Given information section start
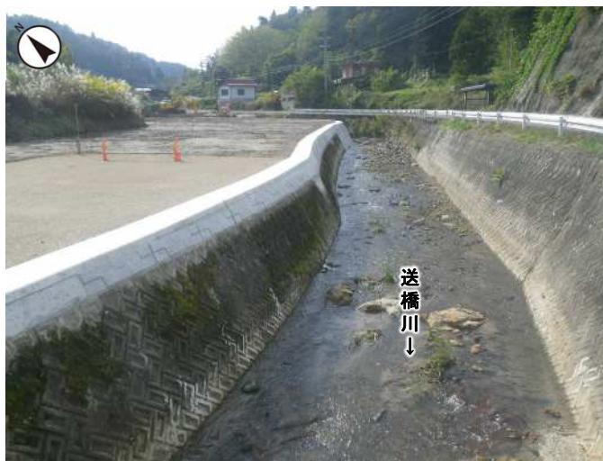
河川整備状況（令和5年10月撮影）
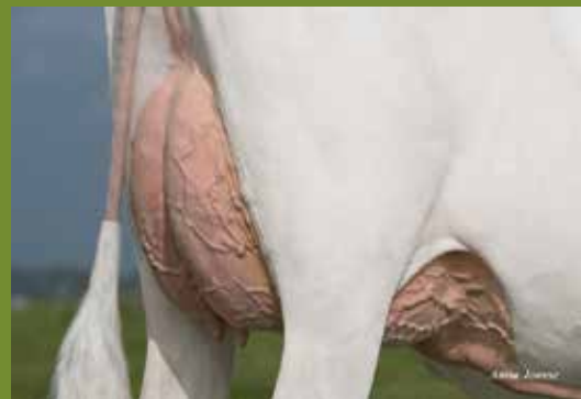
Holec Kingboy Palmas VG-87
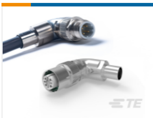
TE 产品编号1-2823587-4 M12 R/A 压接应力消除
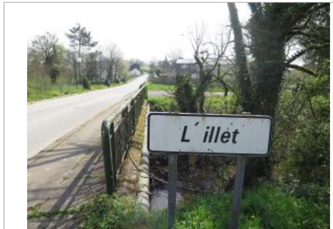
Vue du pont de la RD 25
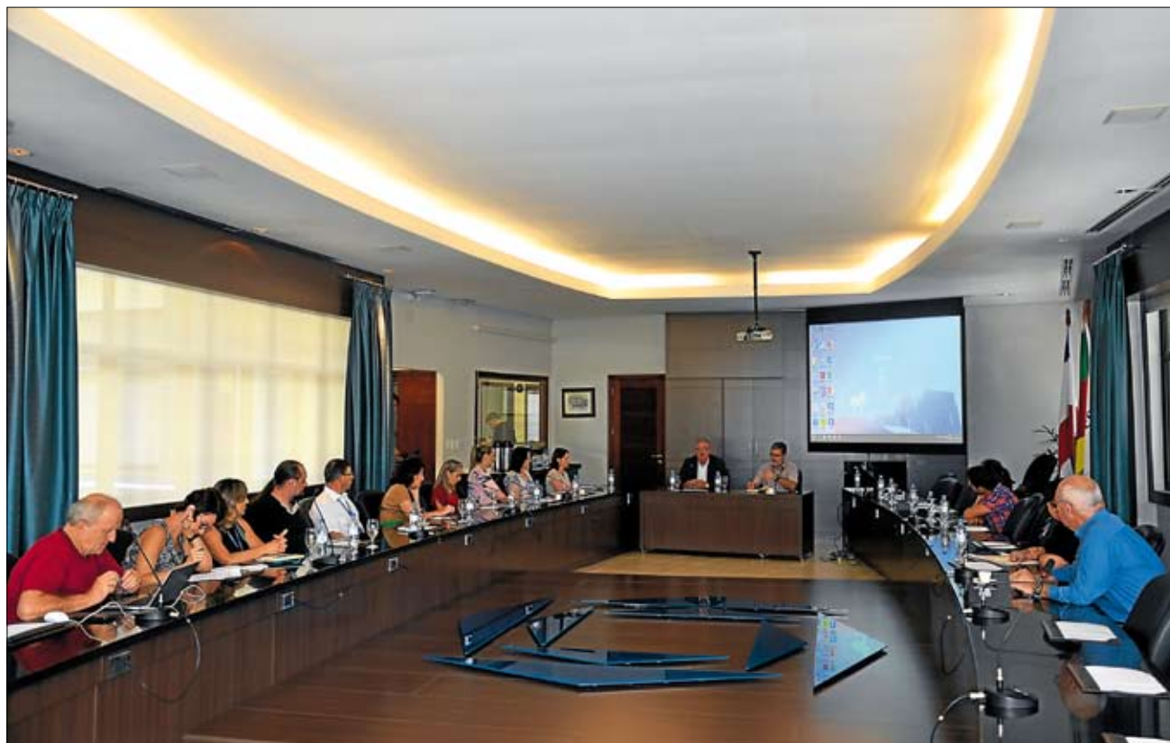
Instituições estudam ações que contribuam com o desenvolvimento do Vale. Página 7
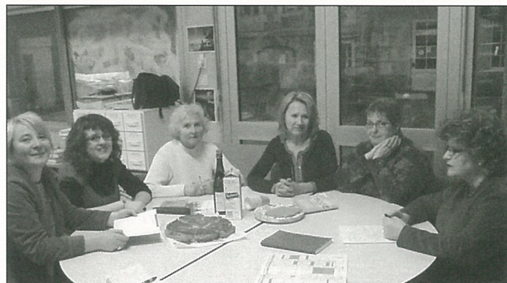
Actions de début d'année, l'équipe de la bibliothèque s'y livre...
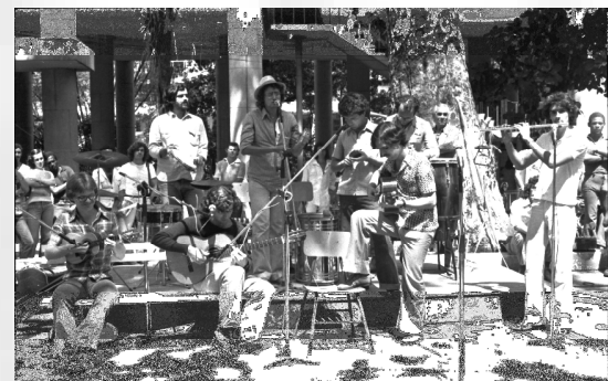
Grupo de choro Coisas Nossas no projeto Quinzena Cultural promovido pela FUNARTE. 1978.

A noção de lugar de memória proposta por Pierre Nora caracteriza um espaço que seja ao mesmo tempo físico, funcional e simbólico. A PUC-Rio é lugar de memória da música brasileira como cenário de eventos musicais que ocorreram ao longo de sua história: início da bossa nova, shows de samba, Projeto FUNARTE, Intervalo Cultural.
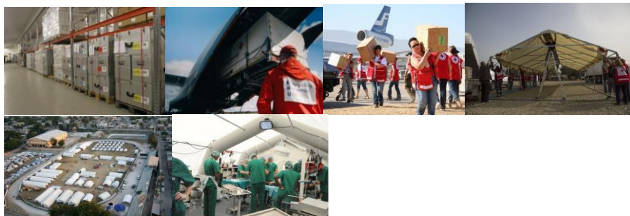
Bild 1: Ett färdigt packat fältsjukhus i logistikcentralen Kalkku, bild 2: sjukhuset flyttas till flygplanet, bild 3: sjukhuset lossas i Haiti, bild 4: sjukhuset uppförs, bild 5: det färdiga sjukhuset i Haiti och bild 6: operationssalen i sjukhuset.

I Tammerfors ligger logistikcentralen Kalkku varifrån man snabbt kan skicka i väg material till katastrofdrabbade områden. Där finns tält, filter, sjukhusredskap och även ett helt sjukhus i lager. Fältsjukhuset och logistikcentralen är med andra ord en del av beredskapen inför akuta situationer.
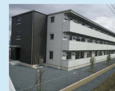
㉖大街道西第一復興住宅
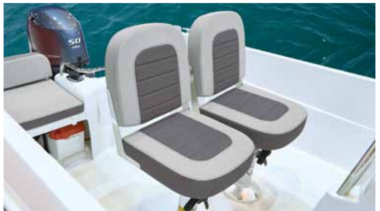
Example of 2017 upholstery - Exemple de sellerie 2017 (photos non contractuelles /not contractual)
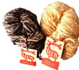
使用葡萄牙羊毛手纺而成的毛线
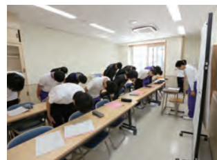
挨拶の仕方が板に付いてきました
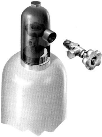
Notfallausrüstung 65 kg Flasche, Ventilbereich
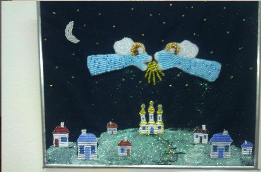
Назва виробу: «Ніч перед Рідном» Матеріал з якого виготовлено роботу: бязь
Given information section end
Reproduce the entries above word for word. Pictures stay out.

Answer space
河川整備状況（令和5年10月撮影）
Holec Kingboy Palmas VG-87
TE 产品编号1-2823587-4 M12 R/A 压接应力消除
Vue du pont de la RD 25
Instituições estudam ações que contribuam com o desenvolvimento do Vale. Página 7
Actions de début d'année, l'équipe de la bibliothèque s'y livre...
Grupo de choro Coisas Nossas no projeto Quinzena Cultural promovido pela FUNARTE. 1978.

A noção de lugar de memória proposta por Pierre Nora caracteriza um espaço que seja ao mesmo tempo físico, funcional e simbólico. A PUC-Rio é lugar de memória da música brasileira como cenário de eventos musicais que ocorreram ao longo de sua história: início da bossa nova, shows de samba, Projeto FUNARTE, Intervalo Cultural.
Bild 1: Ett färdigt packat fältsjukhus i logistikcentralen Kalkku, bild 2: sjukhuset flyttas till flygplanet, bild 3: sjukhuset lossas i Haiti, bild 4: sjukhuset uppförs, bild 5: det färdiga sjukhuset i Haiti och bild 6: operationssalen i sjukhuset.

I Tammerfors ligger logistikcentralen Kalkku varifrån man snabbt kan skicka i väg material till katastrofdrabbade områden. Där finns tält, filter, sjukhusredskap och även ett helt sjukhus i lager. Fältsjukhuset och logistikcentralen är med andra ord en del av beredskapen inför akuta situationer.
㉖大街道西第一復興住宅
Example of 2017 upholstery - Exemple de sellerie 2017 (photos non contractuelles /not contractual)
使用葡萄牙羊毛手纺而成的毛线
挨拶の仕方が板に付いてきました
Notfallausrüstung 65 kg Flasche, Ventilbereich
Назва виробу: «Ніч перед Рідном» Матеріал з якого виготовлено роботу: бязь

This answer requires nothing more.